On December 24, Alex observed her thirtieth birthday. The event was a bittersweet occasion, considering the events of the year. But she celebrated with a small group of friends in Washington. As was frequently the case with her birthday, falling on the day it did, it was a half-Christmas half-birthday celebration. Friends from work filtered in, as well as friends from the gym. Don Tomás dropped by to speak five languages and keep everyone amused. And once again, Alex missed Robert horribly.
She went to a Christmas Eve service at her church in Washington and then went home alone. On Christmas morning, she did something unusual. She slept.
Over the next two days, she packed. The job in New York had been offered to her, and she had accepted it. The moving men arrived on the twenty-seventh. Her personal bags were packed and stashed in the trunk of her car. The listening devices she had personally disabled. One morning when she was out for a walk, she threw them into the Potomac.
As the moving men worked, she dropped by a few of the establishments that she had patronized in the neighborhood. She said her good-byes.
When she went back to her apartment, it was empty. She stood and looked at it for a long, cold moment.

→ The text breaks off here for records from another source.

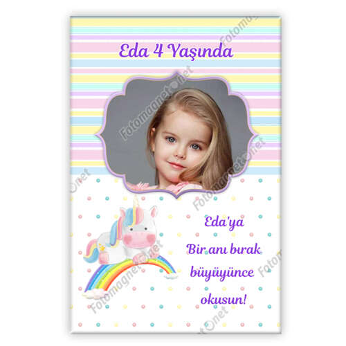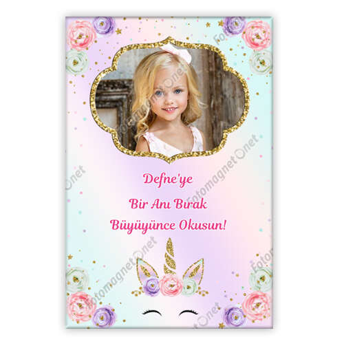 Unicorn Temalı Renkli Çiçekli - Fotoğraflı - Anı Kartı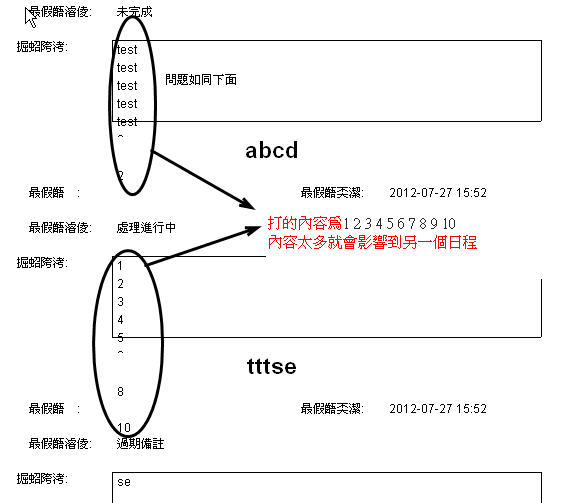 但是.....打的內容如超過預設的行數,就會壓到下一個日程,麻煩請看圖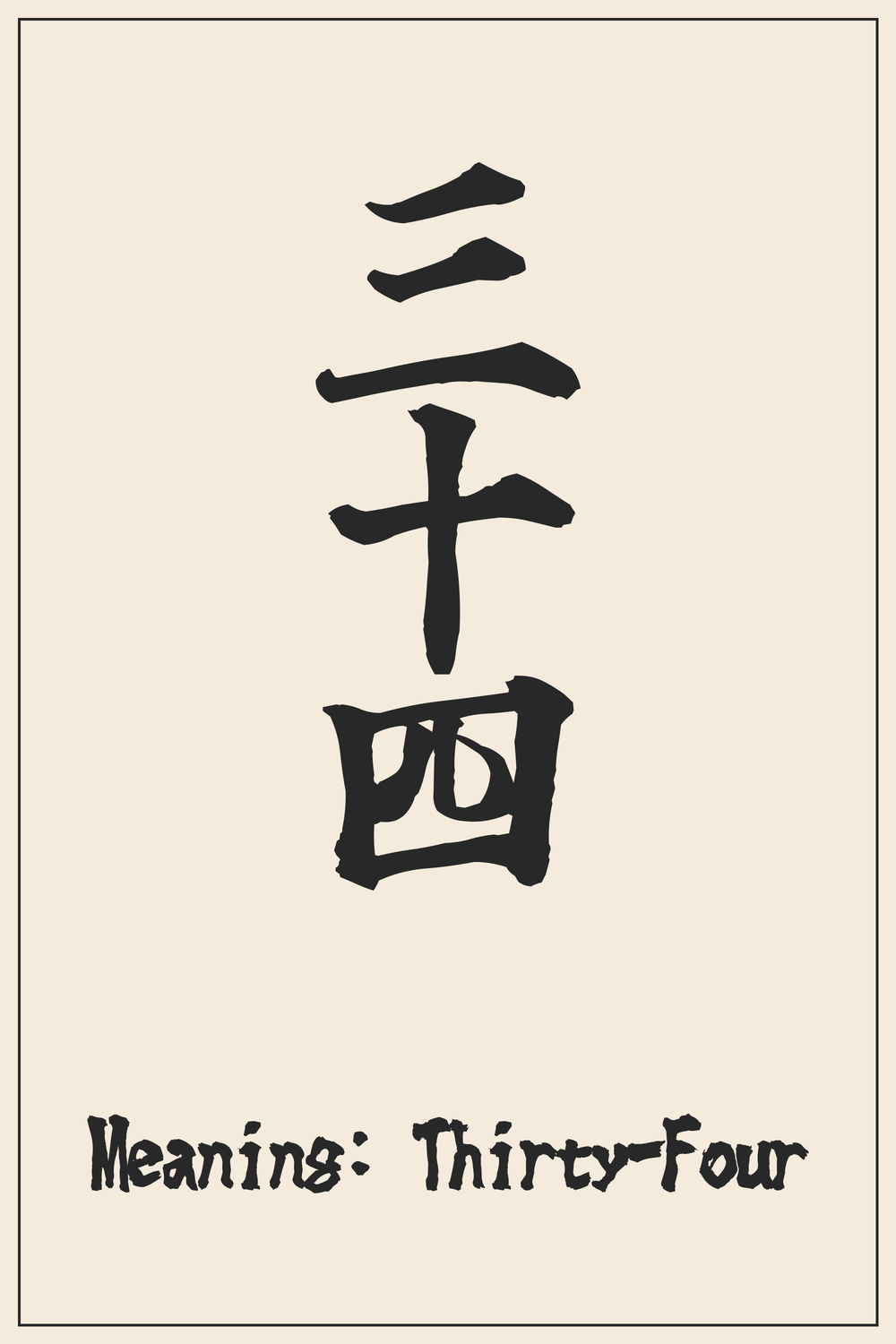 The number ‘三十四’ is a compound of three fundamental Kanji, each with a clear meaning: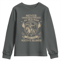Never Underestimate An Old Man Who Has Native Blood Youth Sweatshirt Native American Warrior TS11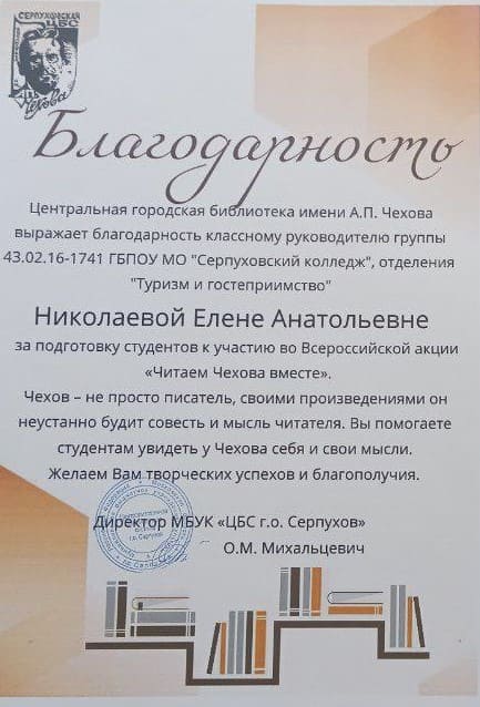 ⚡Студенты группы 43.02.16 -1741 Туризм и гостеприимство со своим классным руководителем Е.А. Николаевой посетили краеведческий лекторий в Центральной городской библиотеке. ?Встреча была посвящена дню рождения Антона Павловича Чехова, творчество которого — это ?уникальное явление в русской и мировой литературе. Говорили о юмористических рассказах, полных искрящегося смеха, тонкого, умного юмора. ❗Студенты колледжа приняли активное участие во Всероссийской акции «Читаем Чехова вместе». Девушки прочитали отрывки из своих любимых произведений Антона Павловича: ?Бакаева Светлана - повесть «Палата № 6»; ?Баранова Ангелина - рассказ «Крыжовник»; ?Борисенко Екатерина - пьеса «Дядя Ваня». Центральная городская библиотека благодарит всех участников и организаторов акции. ☝Надо отметить, что студенты, обучающиеся по специальности «Туризм и гостеприимство» - постоянные читатели отдела краеведения. Это помогает им в изучении спецдисциплин, например «Освоение профессии «Ассистент экскурсовода(гида)». До новых встреч в библиотеках…?

An instinct told her to take a walk through and then another instinct warned her not to. Enough was enough. She closed the door.
She rapped softly on Don Tomás’s door to say good-bye.
He answered. She gave him a shrug and tried to keep her eyes from welling. He did much the same. Then they embraced in a wordless hug. He had been as close to family as anyone in the last days-older brother, uncle, and advisor. She would miss him.
Then she went down to her car.
She turned the key in the ignition, came up out of the garage, and left her block for the final time as a resident. She drove past the monuments again and then watched them recede in her rearview mirror. Thus, on an otherwise ordinary Tuesday afternoon, Alex moved out of Washington and drove north to New York.
By this time, Janet, her protégée, had found her own friends, her own apartment, and a new job. She was happy, living in Brooklyn, and anxious to introduce Alex to her new boyfriend, who-against Alex’s best advice-was one of her former bodyguards.